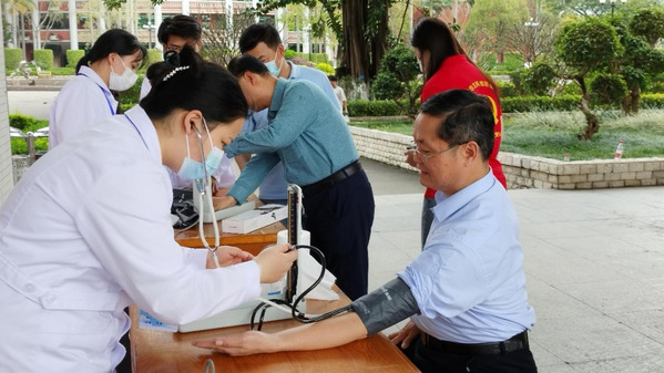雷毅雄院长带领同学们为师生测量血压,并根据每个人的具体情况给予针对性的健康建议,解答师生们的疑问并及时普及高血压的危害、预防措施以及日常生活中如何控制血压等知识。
--
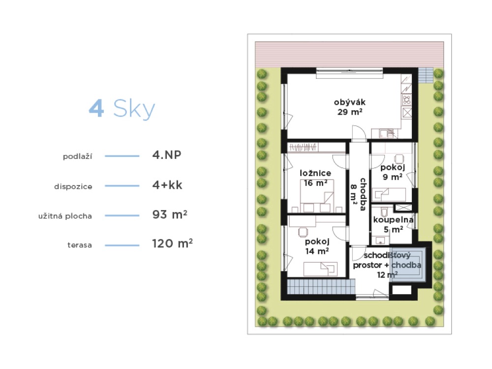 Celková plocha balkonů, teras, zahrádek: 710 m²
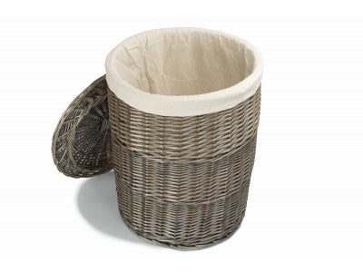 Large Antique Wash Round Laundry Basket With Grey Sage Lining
* * *
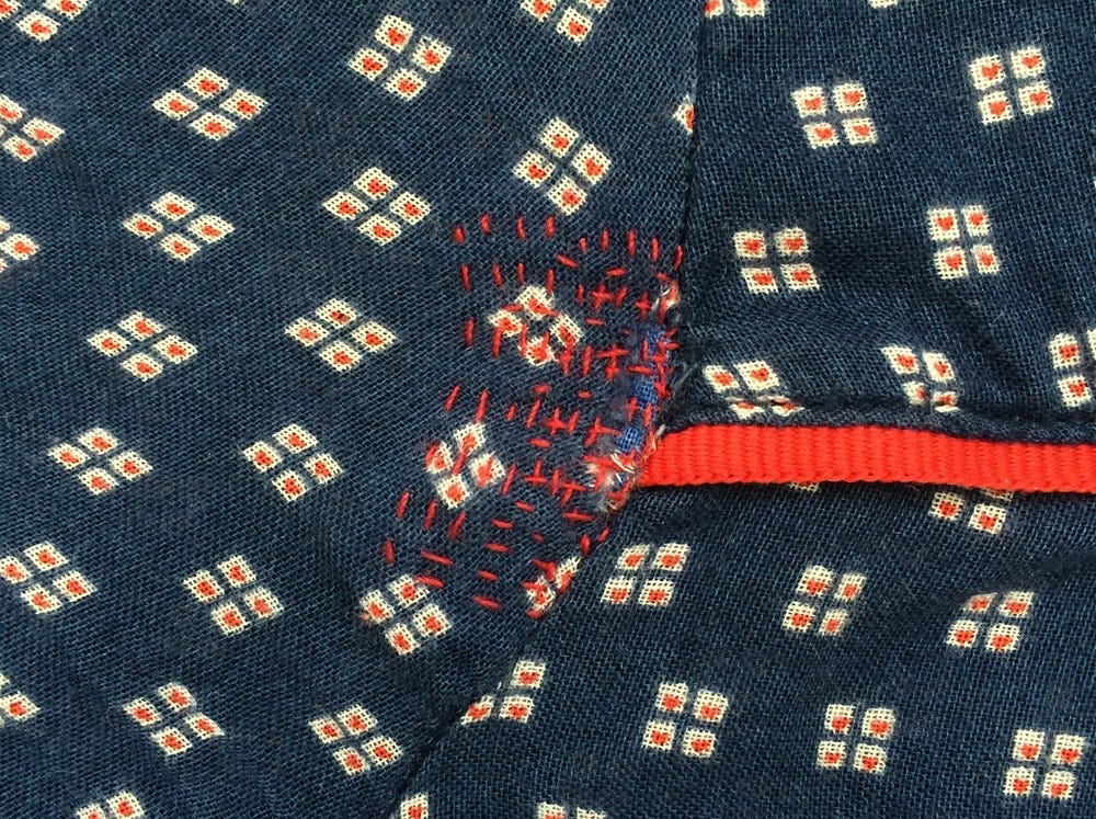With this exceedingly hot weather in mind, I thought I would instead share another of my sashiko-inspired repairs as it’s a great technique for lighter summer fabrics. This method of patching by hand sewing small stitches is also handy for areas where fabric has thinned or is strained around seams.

**What you have to do:**
Using the records above, repeat exactly the run of lines that starts with the line with "Celková plocha balkonů, teras, zahrádek: 710" and goes on through the line with "Large Antique Wash"; omit each picture.

**Task solution:**
 Celková plocha balkonů, teras, zahrádek: 710 m²
 Large Antique Wash Round Laundry Basket With Grey Sage Lining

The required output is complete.